Alumni in Action: Nick Hatzinikolis Continuous Improvement Leader

Alumni in Action: Nick Hatzinikolis Continuous Improvement Leader

Nick Hatzinikolis’ career as a continuous improvement leader started in the late 1970’s at an Aluminum Die Cast company when he and a few coworkers organized informal Kaizen events. His work continues today where, as Director of Plant Operations at a snack food manufacturer (Mikesell’s), his responsibilities include sponsoring Lean Six Sigma Black Belt projects.

His work has spanned several states (MI, OH & ME), industries (automotive, plastics, medical devices, pharmaceuticals), applications (manufacturing, operations, sales, even opening a new manufacturing plant), and process tools (Quality Circles, Total Quality Management, Practical Process Improvement, 6S, Lean Management, and Six Sigma). In 2016 he received his Six Sigma Green Belt from West Michigan University’s Hayworth School of Business and in 2021 he earned his LSS Black Belt from BPG.

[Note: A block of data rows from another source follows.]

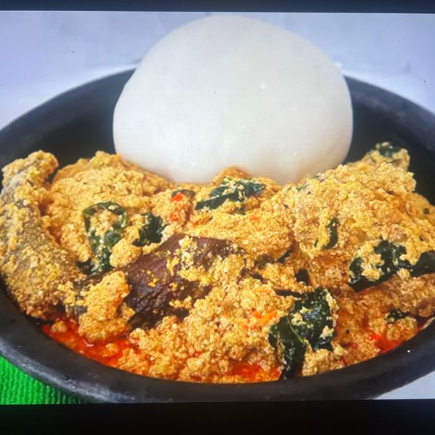 ground egusi seeds, palm oil, assorted meat or fish,, onions, Scotch bonnet peppers, locust beans (iru), and leafy greens like spinach or bitter leaves and spices
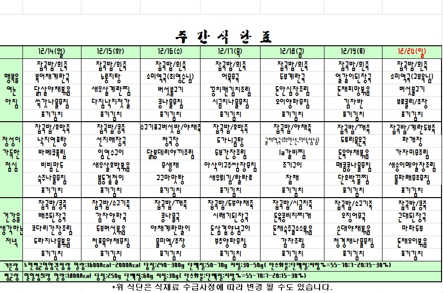 2020. 12. 14 ~ 12. 20 주간식단표 입니다.
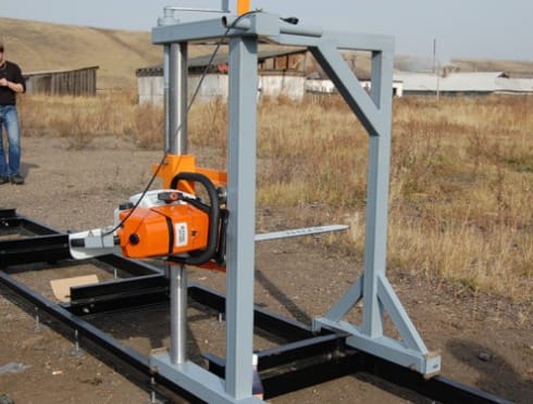 По доскам пилорама из бензопилы также будет работать без проблем, только в этом случае появится слишком много отходов, поскольку ее режущая цепь в несколько раз толще пилы ленточной пилорамы.
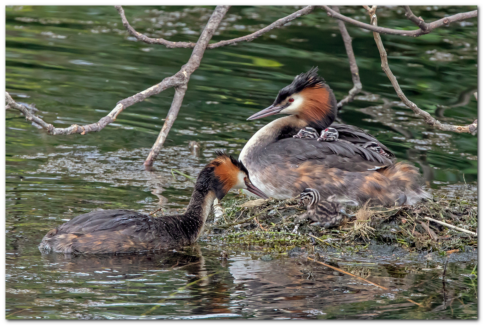 PS: da specificare che il nido, una volta schiuse le uova, serve solo come punto di riposo. La particolarità degli uccelli acquatici, dal cigno al tuffetto, è che i piccoli una volta usciti dall'uovo svolgono la loro vita sull'acqua, solo la sera ritornano nel nido per il riposo.... anzi non tutti! Gli smerghi ad esempio una volta abbandonato il nido sulle rocce o nel bosco non vi ritornano più.
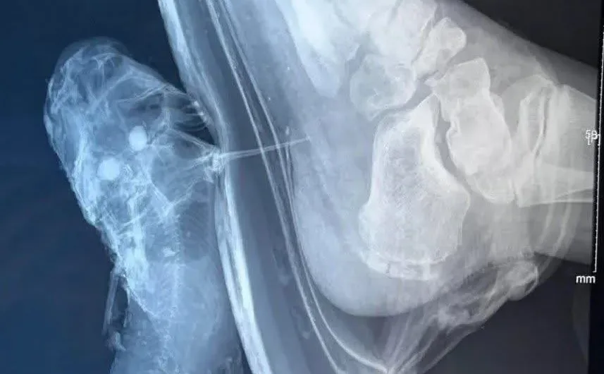 Meghökkentő röntgenfotót osztott meg Facebook-oldalán a Tisza Horgászegyesület. A képen egy gumicsizmás láb és egy törpeharcsa látható, utóbbinak a szúrótüskéje áthatolt a lábbeli falán.

With over 25 years of experience in senior management, Nick impresses his stakeholders as both a developer and manager of processes and a leader of people. So we asked Nick:

How do you identify Lean Six Sigma Projects? First, he says, understand what is non-negotiable. For him, that has always been safety, quality, delivery, and cost of goods. He listens to coworkers at all levels and observes processes to understand how they work, then looks for opportunities for improvement. For Nick, process improvement is all about mitigating internal and external risks. He recently sponsored a project to eliminate leaks on a manufacturing shop floor. There were several types of leaks (air, water, oil) and each required a different solution. But each posed similar risks (accidents, fines, loss of resources and money).

How do you gain support for Lean Six Sigma Projects? Nick finds SWOT analysis an effective tool for presenting process improvement proposals to senior management. For team members, Nick sees the acceptance process as a bell curve. To get people up that curve, it is important to let them know how the changes will benefit them.

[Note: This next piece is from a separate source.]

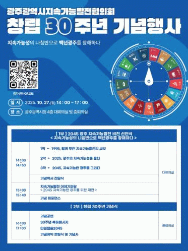 정현윤 기후환경국장은 “광주지속가능발전협의회 30주년 기념행사는 광주시가 지속가능한 미래를 향한 의지를 다지는 중요한 자리”라며 “많은 시민들이 관심을 갖고 적극 참여해 주길 바란다”고 말했다.
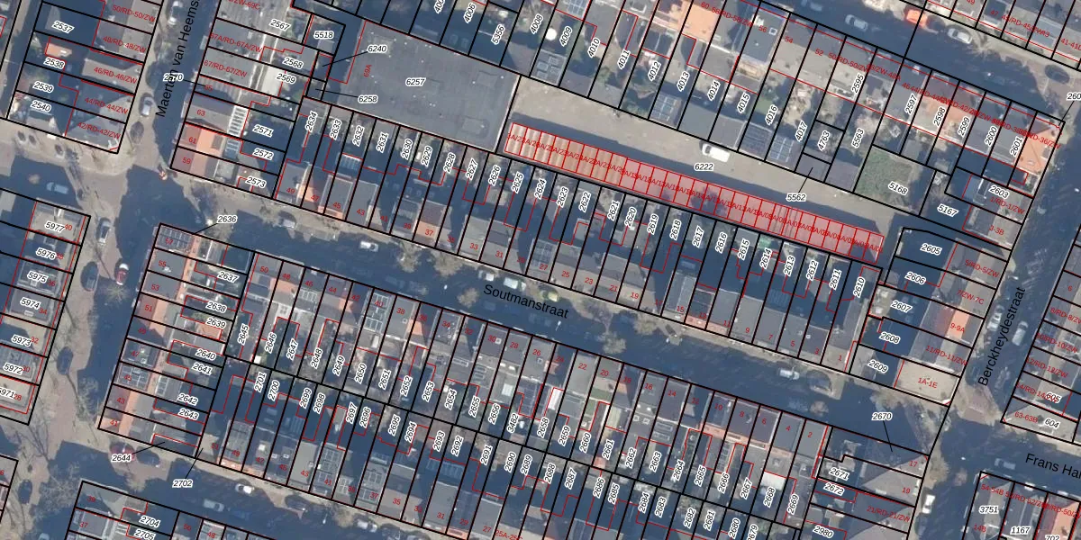 Het perceel waarop Soutmanstraat 27 staat heeft een oppervlakte van 88 m². Dit is een klein perceel. De perceeloppervlakte wordt geregistreerd door het Kadaster. Gedetailleerde informatie over de maten van dit perceel kunt u vinden in het rapport Kadastrale kaart met maatvoering van Soutmanstraat 27.

How do you change a company culture?
Communication, cross training, and letting people see how the changes help them are all key. Consistency is also important. As processes are reviewed and changed and continually monitored, employees begin to realize this is not a flavor of the month change but a process that works and that they can be involved in. Those elements were involved in a plant transformation that Nick was part of when he worked at a company that manufactured high-speed fruit and vegetable sorting equipment. The company realized that the equipment that sorted blueberries and cherries by size could be adapted to other small items, like nails, dowels, ammunition, and some pharmaceuticals.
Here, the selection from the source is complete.